The Guadeloupe Communist Party (Parti communiste guadeloupéen, PCG) is a political party in the French overseas department of Guadeloupe. The party publishes the newspaper Etincelle (meaning "Spark").

== History ==
A federation existed in the French Communist Party before 30 March 1958. The PCG was founded as a party at its first congress in 1958, in the town of Capesterre. In the 1968 legislative elections for the French National Assembly, the PCG received 37.3% of the popular vote; one of three deputies from Guadeloupe in the French Parliament was a communist. In 1973 one of the cofounders of the party, Hégésippe Ibéné, was also elected to the French National Assembly.

The PCG participated in the 1960 and 1969 International Communist and Workers Parties. The PCG approved the documents adopted by these meetings.

The second party congress of the PCG was held in 1961, and the main political task of the party was identified as uniting all workers in the pursuit of the provision of Guadeloupe internal autonomy within the French republic. The third party congress, held in 1964, adopted a political, economic and social program for achieving autonomy, covering demands for the establishment of local legislative assembly and executive body, agrarian reform, and development cooperation, among other things. In 1965, factional conflict erupted in the party leadership. A dissident faction was expelled from the party between 1966 and 1967. In late 1967, at the initiative of PCG, the Young Communist Union was founded. The fourth party congress was held in 1968.

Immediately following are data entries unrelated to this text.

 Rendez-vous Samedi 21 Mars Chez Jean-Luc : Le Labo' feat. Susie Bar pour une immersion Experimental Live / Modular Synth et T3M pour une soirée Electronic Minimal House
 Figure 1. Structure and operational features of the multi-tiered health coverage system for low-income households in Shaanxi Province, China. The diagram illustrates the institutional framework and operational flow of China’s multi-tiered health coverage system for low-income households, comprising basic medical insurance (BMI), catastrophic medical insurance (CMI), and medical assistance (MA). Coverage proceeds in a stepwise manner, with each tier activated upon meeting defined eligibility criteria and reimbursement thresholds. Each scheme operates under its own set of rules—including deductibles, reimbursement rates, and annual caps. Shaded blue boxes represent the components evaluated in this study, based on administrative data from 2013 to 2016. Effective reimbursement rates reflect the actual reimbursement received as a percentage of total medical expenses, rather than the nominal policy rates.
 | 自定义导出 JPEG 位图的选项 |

In 1971, Guy Danent was the First Secretary of the party. The party had, in the same year, 1,500 members, and occupied significant positions in 10 of 34 municipalities in Guadeloupe, including eight mayors. The PCG also enjoyed influence in a few trade unions, including the General Confederation of Labour of Guadeloupe and the Union of Guadelopuean Women.

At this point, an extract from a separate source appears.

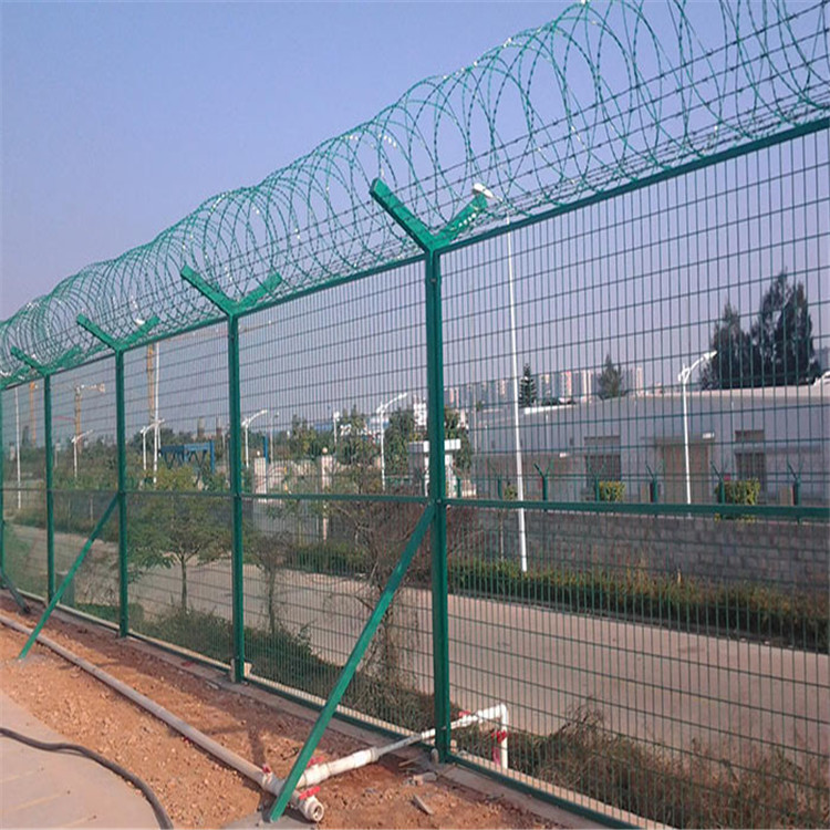 飞行区钢筋网围界特点:具有很好的抗老化、抗晒、耐候等特点。其产品造型美观、花色多样,既起到围栏作用,又起到美化作用。由于具有安全性高、防攀爬能力好,网片连接方式采用特制SBS紧扣件,有效防止人为的破坏性拆卸,横向四道折弯加强筋,使网面强度显著增加。选用低碳钢丝编制焊接而成,具有美观、实用、方便运输和安装的特点。在机场隔离网的横向加装四道折弯加强筋,在整体成本增加不多的同时,使网面强度和美感显著增加,是目前国内外受欢迎之一。

Ahead of the 2015 French regional elections, PCG nominated Mona Cadoce as its candidate for regional president. She obtained 1,297 votes (0.92% of the votes cast).

== Organisation ==
The party was built with democratic centralism as its organizing principle. The primary organization of the party is the cell; then there is the section and the supreme organ is the party congress. Between congresses PCG is headed by Central Committee and Politburo Central Committee.